Cool Research Computing Projects

Emulation as a Service for Heritage Institutions (PDF) - Dutch Digital Heritage Network

We tend to think of computing systems and software as tools for powering research and data preservation - but sometimes they’re the objects of research, or preservation, themselves. This is a status report on using emulation of older computing systems to make sure that items of digital heritage - software or content - aren’t lost as the hardware becomes extinct.


Research Software Development

Write Five, Then Synthesize: Good Engineering Strategy Is Boring - Will Larson

Focus enable strategy - not only what you’ll be doing, but how you’ll be doing it.

Developing a software development strategy for a team allows you to focus on the important parts of each project rather than bikeshedding the same decisions again and again. You can’t develop such a strategy for executing projects if each project is completely different.

Larson’s article is an argument in favour of grounding such a strategy in the pragmatic (e.g. boring) and avoiding the siren call of “innovation” by doing it from the ground up - writing multiple decision documents for individual projects or components, and discovering the underlying strategy by synthesizing them.

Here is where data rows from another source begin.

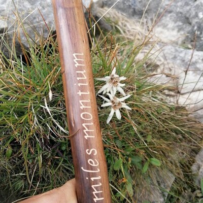 Perfekter Wanderbegleiter für sicheren Halt! Dieser handgefertigte Wanderstock aus Edelkastanie oder Haselnuss gibt dir auf jeder Wanderung optimalen Halt. Besonderes Highlight: Du kannst den Stock mit deinem persönlichen Text gravieren lassen - bis zu 15 Zeichen sind im Preis inklusive! Das macht ihn zum idealen Geschenk für Wanderfreunde jeden Alters. Der Stock verfügt über einen natürlichen Wurzelknauf, eine echte Lederschlaufe und eine stabile Bergstockspitze. Erhältlich in verschiedenen Längen von 98-180 cm und mit einer Belastbarkeit bis 120 kg. Auf Wunsch liefern wir auch andere Spitzen oder Gummikappen nach. Mit dem rustikalen Bambus-Design siehst du dabei auch noch richtig stylisch aus!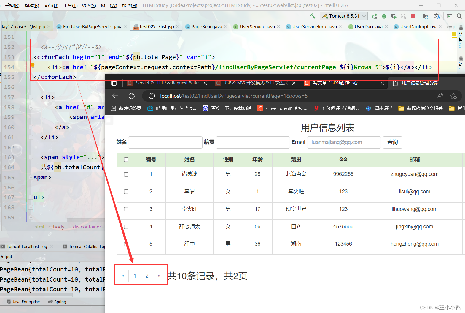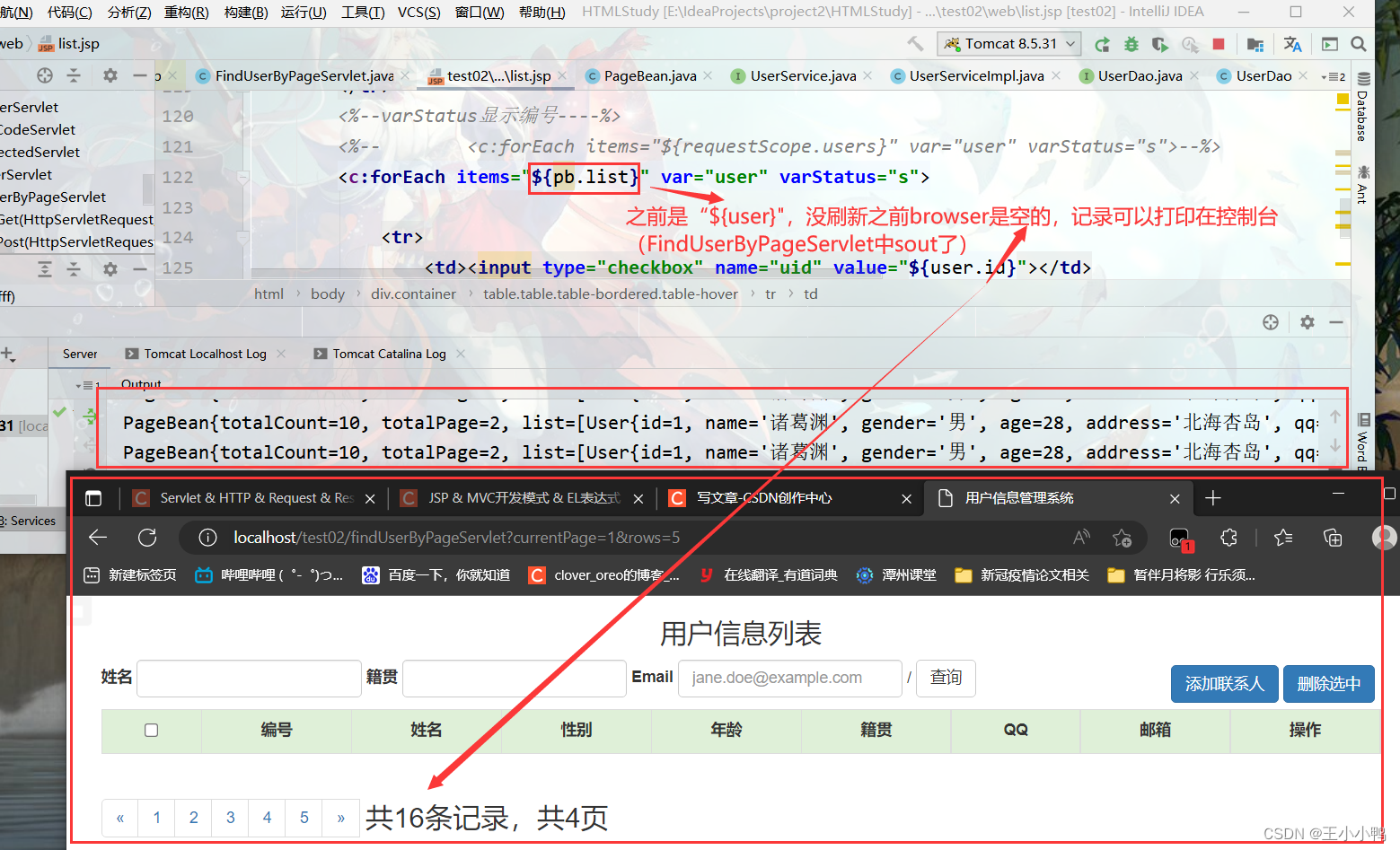 试着打印UserListServlet,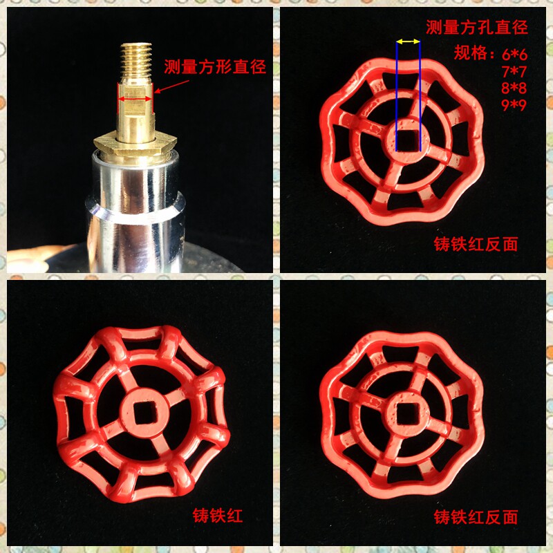 4 points 6 points gate valve hand wheel cut-off valve hand wheel cast iron red hand wheel 6*6 square hole handle handle rotation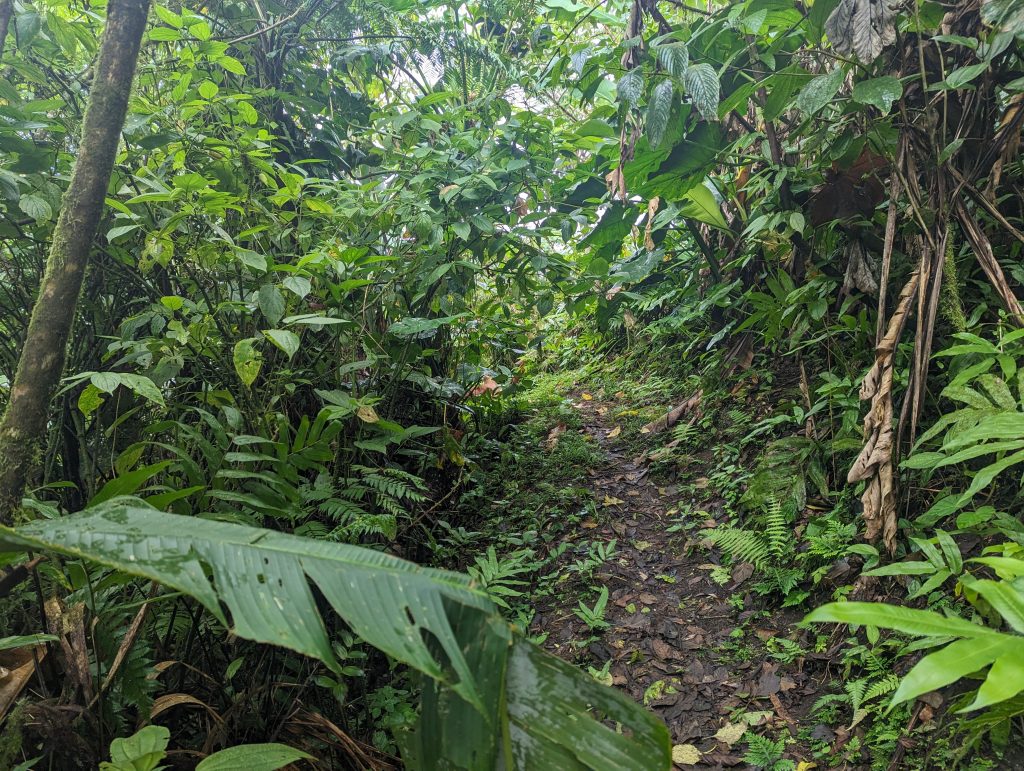 - Here the path leads through dense rainforest – one of the oldest pieces of rainforest on the island.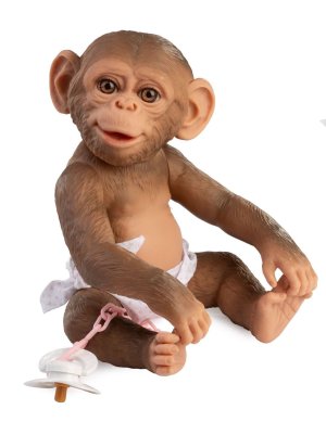 Veselé a roztomilé opičí miminko bez zvuku s vinylovým tělem s možností koupání, na kterém je zachycen věrohodně každý detail tohoto zvířecího mláďátka včetně různých záhybů, kromě pohlaví.

Research Computing Systems

SC20 Panel – OK, You Hate Storage Tiering. What’s Next Then? - John Russell, HPCWire

Continuing with storage - tiering is hard to manage, and works poorly at modest scales. This summary of an SC20 panel discusses a number of vendors’ upcoming models for how to handle the diverse range of file sizes and access patterns needed in large computing centres. There’s several presentations summarized here, but to my mind the more interesting ones are:

  • Reducing the number of tiers and tying them to particular use modes as withNERSCs Perlmutter
  • Tiering based on file size not “temperature” (how often it’s used), as with Panasas’ solution
  • All-fast storage with NVMe as with VAST’s solution

Emerging Data & Infrastructure Tools

Modern storage is plenty fast. It is the APIs that are bad. - Glabuer Costa
How io_uring and eBPF Will Revolutionize Programming in Linux - Glauber Costa, Scylla

Our current userspace and kernel level APIs for file I/O are based on storage hardware from decades ago, and are now frequently the bottleneck for high-performance persistent media like NVMe or even SSDs. Costa’s two articles - the first more recent and higher level and the second older and focussed on the two recent technologies that will enable future filesystems (or applications that take control over their I/O, such as databases) to make full use of this hardware.

(Worth noting another recent link, too. There are also people who argue that the division between filesystems and and databases is a historical artificact which we should move past - such as the Boomla project is trying to do.)


Random

Efficient single-node graph mining with peregrine.

You don’t always need machine learning. (See also: Figure 1 of https://www.biorxiv.org/content/10.1101/2020.01.10.897116v1 where least squares does very, very well)

Pretty important for CPU-intensive research computing - between cgroups and containers, your scripts should use nproc not /proc/cpuinfo for determining number of cores to use

As you know, I think embedded databases are scandalously underused in research computing - here’s an article on SQLite as a document database.

“Reproducible”, “Replicatable”, or “Repeatable” mean a lot of different things in research computing communities. Konrad Hinson has a blog post laying out reproducibility as a spectrum. I’m not sure I like the terminology he’s chosen, but thinking of it as a spectrum seems a much more useful approach than using yes/no criteria.